Bei eineiigen Zwillingen ist die Wahrscheinlichkeit, dass auch der zweite Zwilling erkrankt, mit etwa 15 % hoch. Als Ursache wird der transplazentare Übergang von einzelnen Leukämiezellen angenommen – auch wenn dies bisher nur für die ALL belegt ist – und weniger eine genetische Prädisposition.
Klinisches Bild
Die klinischen Symptome sind anfangs häufig uncharakteristisch und sind Folgen der Anämie (Blässe und Müdigkeit), der Neutropenie (Fieber, Infektion) und Thrombozytopenie (Petechien, Purpura, Schleimhautblutungen, selten Hirnblutungen). Die normale Hämatopoese ist als Folge der Infiltration des Knochenmarks mit leukämischen Zellen reduziert. Bei Betroffenen mit Hyperleukozytose besteht initial ein hohes Risiko für Blutung und/oder Leukostase. Knochenschmerzen können durch die Blastenvermehrung im Knochenmark oder durch subperiostale Blutungen entstehen. Extramedulläre Infiltrationen betreffen in erster Linie die Lymphknoten, die Leber und die Milz. Eine Hepatosplenomegalie wird bei etwa einem Drittel aller Patient:innen gefunden.
Eine Beteiligung des zentralen Nervensystems (ZNS) findet sich bei 5–10 % aller Kinder und Jugendlichen mit AML. Definitionsgemäß liegt ein ZNS-Befall bei mehr als fünf Blasten pro µl Liquor oder bei klinischen oder radiologischen Zeichen des intrazerebralen Befalls vor. Gelegentlich treten auch extramedulläre Manifestationen der AML als Tumoren im ZNS auf. Symptome des ZNS-Befalls sind Kopfschmerzen, Paresen, fokale neurologische Defizite und Krampfanfälle.

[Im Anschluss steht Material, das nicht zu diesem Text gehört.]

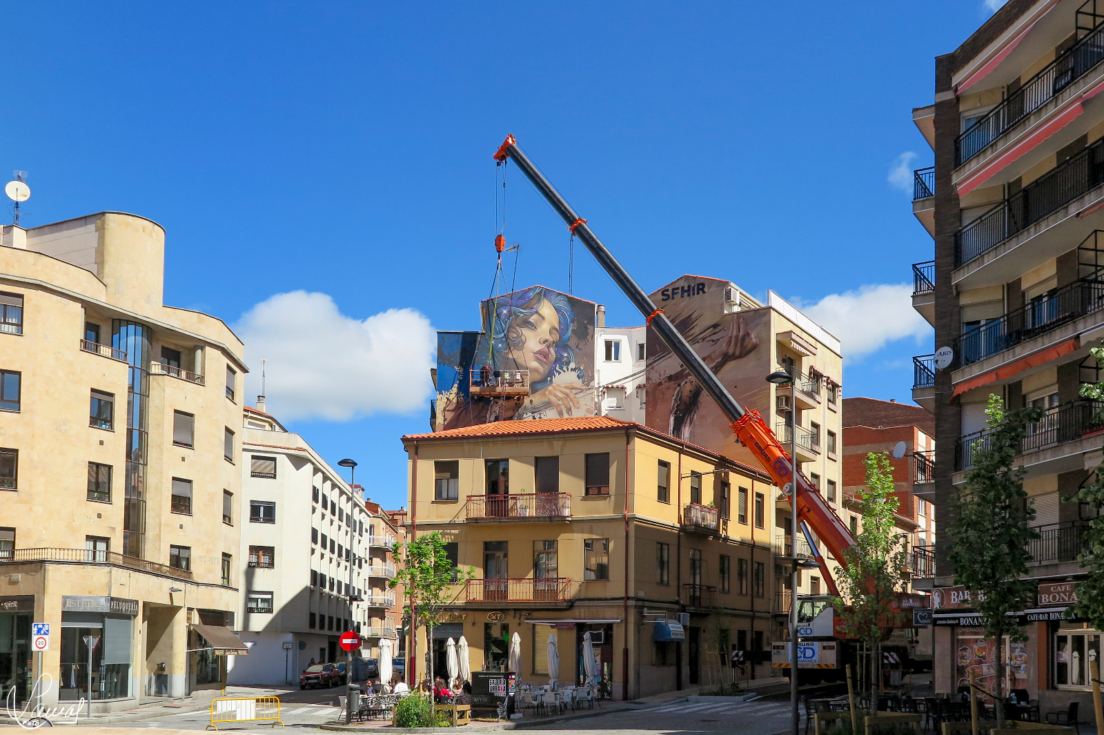 Cabe destacar que el artista Sfhir, reconocido como uno de los mejores muralistas del mundo, ha plasmado su visión artística en la emblemática Plaza del Oeste, convirtiendo una fachada anónima en un lienzo monumental que muestra a una violinista en posición anamórfica, jugando con la perspectiva y la arquitectura del edificio.
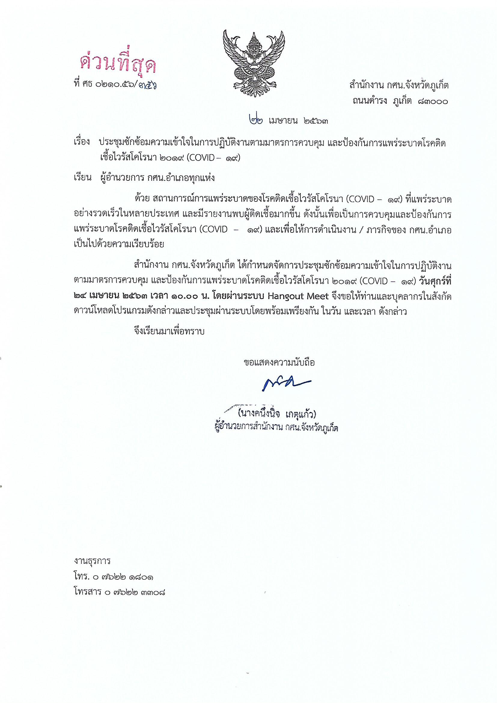 เรื่อง ประชุมซักซ้อมความเข้าใจในการปฏิบัติงานตามมาตรการควบคุม และป้องกันการแพร่ระบาดฯ

Weitere extramedulläre Infiltrationen kommen in der Haut (Leukaemia cutis), in den Weichteilen, der Gingiva, den knöchernen Strukturen der Orbita oder in anderen Organen vor. Bei tumorartigen Infiltrationen besonders in den Knochen spricht man von myeloischen Tumoren (Myelosarkomen). Ein extramedullärer Befall tritt gehäuft bei monoblastären Leukämien auf und ist hier mit einer ungünstigen Prognose verbunden. Bei der prognostisch günstigen AML mit t(8;21) ist der extramedulläre Befall, z. B. als Infiltration der Orbita, kein ungünstiger Faktor. Hautinfiltrationen finden sich besonders bei monozytären Leukämien und besonders bei Kleinkindern (< 2 Jahre). Ein isolierter extramedullärer Befall ist selten.

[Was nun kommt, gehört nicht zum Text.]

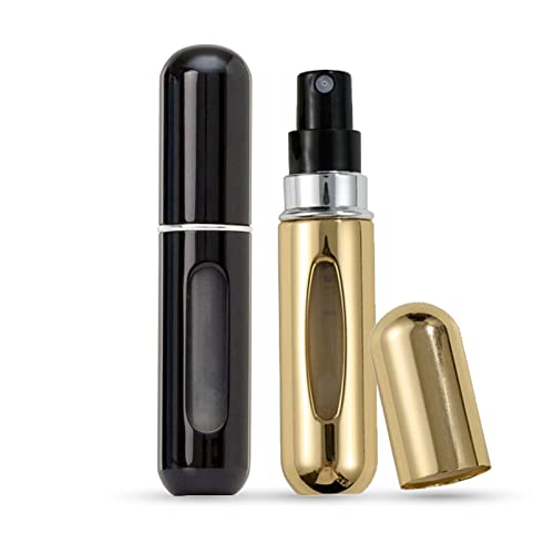 - 【مجموعة بخاخ عطور قيمة】 بخاخ عطور صغير الحجم بسعة 5 مل قابل لإعادة تعبئة العطر/التونر يسمح لك بحمله في أي مكان يأتي في قطعتين بلون ذهبي فاخر وأسود أنيق.

Diagnostik und Klassifikation
Die Diagnostik und Klassifikation der AML bei Kindern entspricht der bei Erwachsenen [43]. Sie erfolgte bisher nach der WHO-Klassifikation von 2016, bei der neben morphologischen und klinischen Faktoren insbesondere die Genetik im Vordergrund steht [2]. Die myeloische Leukämie bei Patient:innen mit Down-Syndrom kommt nur im Kindesalter vor.

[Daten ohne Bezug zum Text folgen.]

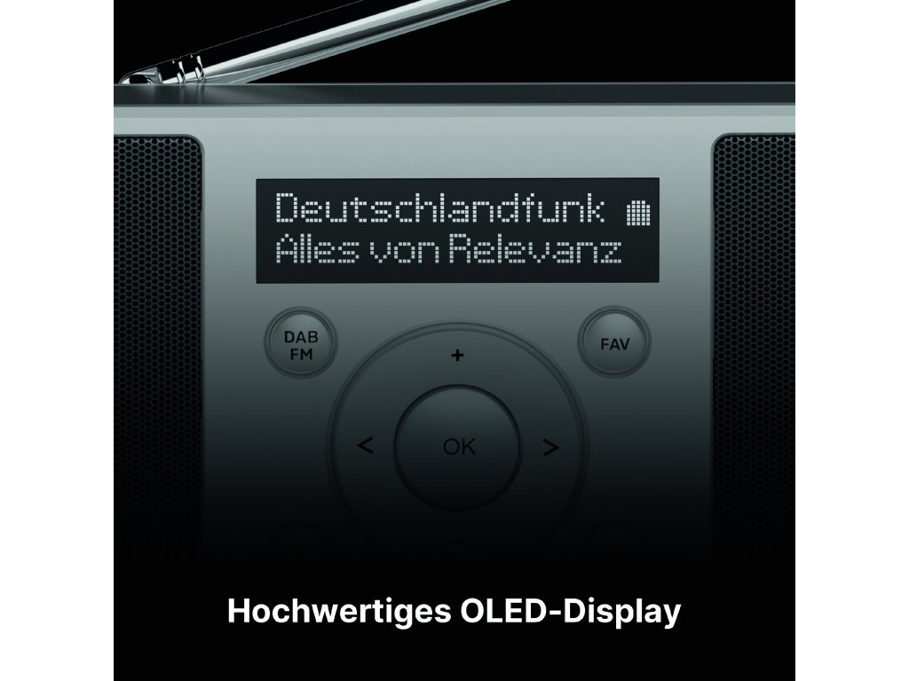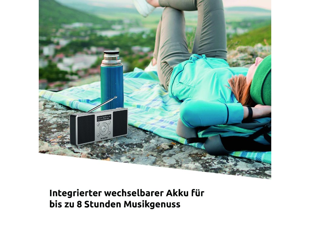 Silná a vyměnitelná baterie také činí rádiový přijímač ideálním společníkem na cestách (až 10 hodin použití mobilního rádia)

Die früher übliche französisch-amerikanisch-britische (FAB) Verteilung unterscheidet sich vor allem zwischen jungen Kindern (< 2 Jahre) und älteren Kindern und Jugendlichen. Bei unter zweijährigen Kindern treten überwiegend (bei 60 %) monozytäre oder megakaryozytäre Subtypen (FAB M5 oder M7) auf, gegenüber nur 18 % bei älteren Betroffenen (2–18 Jahre) [6]. Ebenso werden die günstigen Karyotypen t(8;21) und inv(16) nur selten bei unter zweijährigen Kindern (5 %) gefunden, dagegen häufig (32 %) bei zwei- bis zwölfjährigen Kindern (Tab. 1).